DOI: 10.22394/2500-1809-2016-1-1-142-166
The article considers various approaches to the concept “civil society” (designed to serve the state, and therefore created on state initiative and with its support; a classical type of opposition to the government and business; Soviet-type organizations, a part of official and formal structures of the state and society), and discusses the possibilities to apply this concept to contemporary Russia. Although some scientists raise the question of whether or not there is a civil society in Russia, the author is interested in finding answers to other questions: what kind of civil society exists in Russia? Is there a rural civil society? If the answer to the last question is positive, then what are the in dicators of civil society — geography, target audience, registered social activity? The article considers examples of registered and unregistered public, non-profit organizations of different levels (federal level, e. g. ACCOR, and local level — e. g. women’s, sports and other clubs, veterans’ councils, action groups).

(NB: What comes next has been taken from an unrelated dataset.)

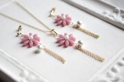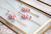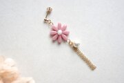 こっくりしたピンクのお花に、コットンパール一粒とフリンジを添えました。

The author discusses the criteria by which public organizations and initiative groups can be attributed to the rural civil society, and identifies two types of rural social organizations — the first possess political influence, the second focus on solving local problems by the local community members.
Civil society, state, civil participation, Russian society, rural communities, local initiatives, non-profit and non-governmental organizations.
Kopoteva Inna V., PhD (Geography), Senior Researcher at the Center for Agrarian Studies of the Russian Presidential Academy of National Economy and Public Administration. 82/5, Prospect Vernadskogo, Moscow, Russian Federation 119571.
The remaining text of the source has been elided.